O conceito de que o legislativo é a única fonte de criação do direito não é mais sustentado, pois o trabalho de construção de decisões para conflitos sociais complexos também pode produzir normas válidas não apenas para a matéria que está sendo decidida, mas também novas podem envolver interpretações de normas jurídicas existentes. . e instituições, bem como a criação de novas ordens jurídicas, que possam lidar com as complexidades contraditórias do sistema social.
ILUSTRAÇÃO DE DECISÕES JUDICIAIS AMBIENTAIS: DIFERENÇA
O segundo caso analisado é um recurso cível interposto pela Metalva – Indústria e Comércio Ltda. foi ajuizada, que foi condenada a ressarcir os danos causados ao meio ambiente. A Associação Catarinense de Defesa do Consumidor – ACADECO instaurou ação civil pública contra Romão Antônio Mafra, José Luiz Gonçalves, a Prefeitura de Canelinha e a Fundação de Proteção e Tecnologia Ambiental – FATMA. Portanto, fazendo uma interpretação profunda deste parágrafo, juntamente com ele, pode-se afastar a exigência de que a defesa do Meio Ambiente seja prevista como uma de suas finalidades institucionais.

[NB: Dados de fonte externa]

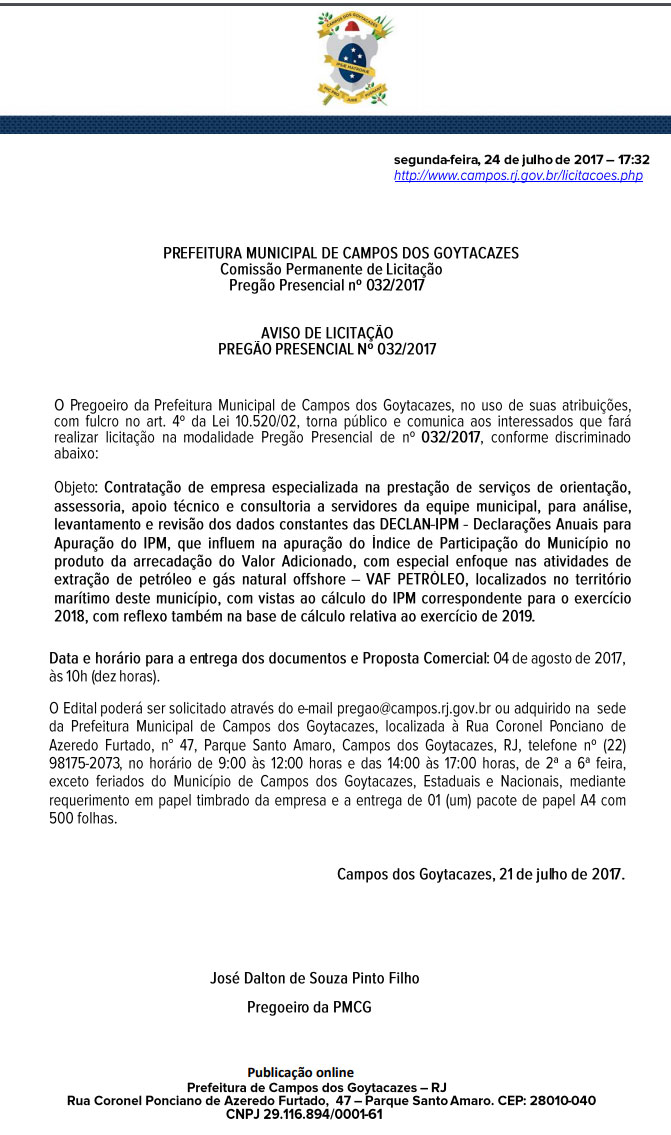 No dia 21 de julho de julho, a Prefeitura de Campos de Goytacazes, município localizado no Norte do Estado do Rio de Janeiro e que faz divisa com o Espírito Santo, assinou edital que foi publicado no dia 24 do mês com Aviso de Licitação do Pregão Presencial 032/2017.

Se o interesse for de todos, como expresso na Carta Magna de 1988, todos têm o direito de recorrer ao Judiciário para exigir a garantia da qualidade do meio ambiente. Assim, os instrumentos de proteção anteriores sofrem alterações e novos instrumentos são criados para garantir a proteção do meio ambiente. Processo, ação civil pública e defesa do meio ambiente: direitos difusos em busca de uma concepção não individualista de proteção e ampla legitimidade.